The fuel tank was leaking when I first filled it up, so I need to see if the tap is leaking or the fuel line is cracked, as it's basically petrified.

A lot of white smoke at first, but that cleared up after it ran for a few minutes.

I took it for a ride around the block and the ride was just really smooth. Much slower than I'm used to, and I didn't really push it since I only swapped out one tire, but from that two minutes of riding, I like it a lot.

Next will probably be pulling the tank and cleaning out the autolube. I'll swap it over to 12v. It had the wiring harness replaced, but the ignition is still the original points. That will turn into a SIP Variable Timing ignition soon enough, along with the engine rebuild.

Let the fun begin!

Last edited by chandlerman on Tue Nov 20, 2018 6:44 pm; edited 1 time in total
Molto Verboso
05 Stella, '62 VBB, 76 Sprint V
Joined: 16 Jun 2011
Posts: 1797
Location: Chicago. Well, Evanston, but that's almost Chicago
Fri Nov 09, 2018 5:22 pm quote
First parts orders placed. Engine rebuild bits, plus a SIP Road XL and 60mm Mazzi crank. Clauss Mounts for the motor and rear shock. A new 6v battery from Amazon.

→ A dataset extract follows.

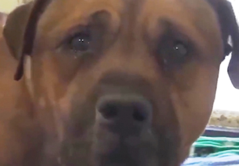 Aj’s lovely eyes brimmed with tears as his face contorted with agitation and stress. Workers in the shelter tried to comfort the poor dog.

I'll use the Polini 177 that's sitting on the shelf for a top end, keep the stock gearing. Maybe swap the clutch out at some point.

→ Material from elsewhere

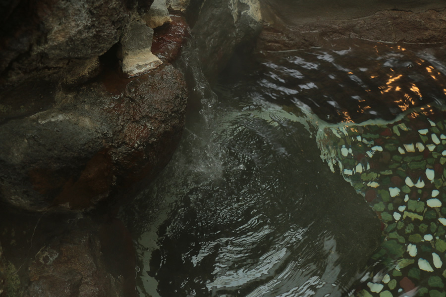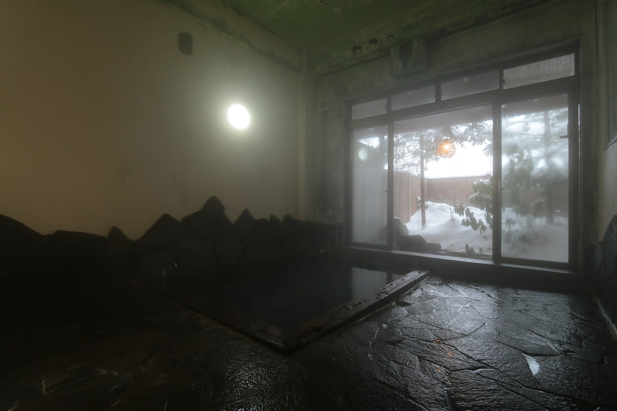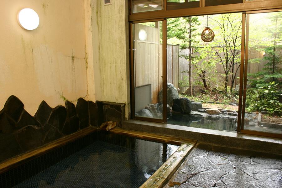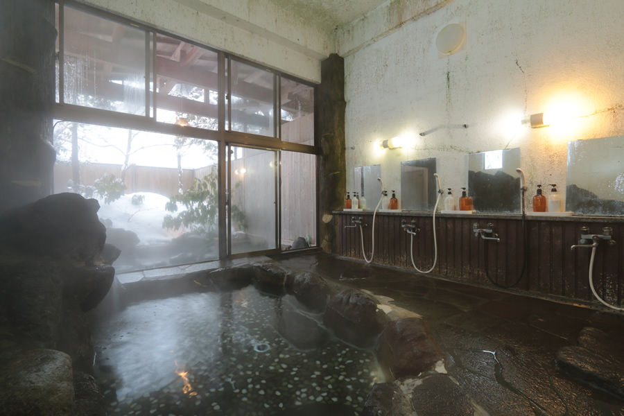 男湯の内湯は岩風呂になっています。 広々とした浴室は、大人数でもゆったりと入っていただけます。 大きな窓からそのまま露天風呂になっていて、四季を全身で感じていただけます。

No ignition upgrade for the moment, because the SIP Sport Ignition is out of stock and that's an easy swap later. No shocks, rims, or tires, either, because I have a couple of spare Continental Zippy 1's already sitting on rims. I just needed an inner tube for one of them.j

And no front disc, which will probably happen at the same time as I replace the shocks since I'll be going the PK fork route.

And for the moment, I'll probably pull the 24/24 carb off the VBB and install that until I eventually go to a PWK 28 or 30 (again, becauseI have those lying around).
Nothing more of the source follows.